Лишь на четвертый раз я почувствовал, что в полной мере осознаю себя и спокойно сказал:
— Достаточно.
В тот же миг я снова ощутил себя рядом с Темнотой, которая спросила с немалой долей иронии:
— И как, понравился тебе рай?
— Понравился, — признался я. — Но спасибо тебе огромное, что сумела меня оттуда вытащить. Кстати, что с моим телом?
— У тебя еще есть немного времени до начала жертвоприношения, — ответила подруга.
— Начала чего?
— Ты сам все увидишь. Но больше не мешкай и никогда не забывай о том, кем ты являешься.
Ну да, согласен, сглупил я не по-детски. Если бы мне пришло в голову сменить тело, то я мог бы выбраться с полянки без особых проблем. Однако мне удалось заметить неладное слишком поздно, когда разум уже отказывался работать в полную силу, а моя интуиция отключилась в первую очередь, даже не пискнув напоследок.
— Слушай, ты прости меня за то, что я устроил, — повинился я, вспомнив свое появление у подруги.
Мда… Очень некрасиво вышло. Завалился такой слюнявый идиот без ума от счастья и первым делом стал лапать, стараясь поделиться безмерной любовью к окружающему миру. Тьфу! Урыганный и в умат пьяный алкаш куда более симпатичен, чем был я в тот момент. Какой позор! Какой стыд!
— Не переживай, Алекс, я не буду об этом вспоминать, — успокаивающе сказала подруга.
— А ты заодно мне память подчистить никак не можешь? — ради любопытства поинтересовался я.
— Нет.
— И тут облом. Ладно, придется мучиться, — вздохнул я.
Вот только я знаю, что это чувство стыда, которое сейчас очень меня нервирует, наверняка сможет уменьшить смерть виновницы происшедшего. Причем смерть медленная и мучительная. Вот с такими кровожадными мыслями я и вернулся в свое тело.

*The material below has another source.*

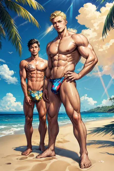BoyFusion is a versatile male-focused model with high contrast and slightly exaggerated bodies. This model was initially trained on bara and western gay art on top of a tweaked NAI build, and will lean to more muscular and defined bodies.

Глава 37. Жертвоприношение
Навалившиеся на меня ощущения были малоприятными. Во-первых, мерзкий сладковатый привкус на языке никуда не делся и сейчас вызывал сильную тошноту. Во-вторых, голова была тяжелой и гудела, как наутро после грандиозной пьянки. В-третьих, все тело жутко болело, словно нога отсиженная, как говаривал известный юморист, а попытки пошевелиться ни к чему не приводили. С трудом открыв глаза, я обнаружил, что крепко привязан какими-то лианами к столбу. Причем не просто привязан, а замотан, словно куколка, до самой шеи и, судя по ощущениям, перед этим старательно раздет догола.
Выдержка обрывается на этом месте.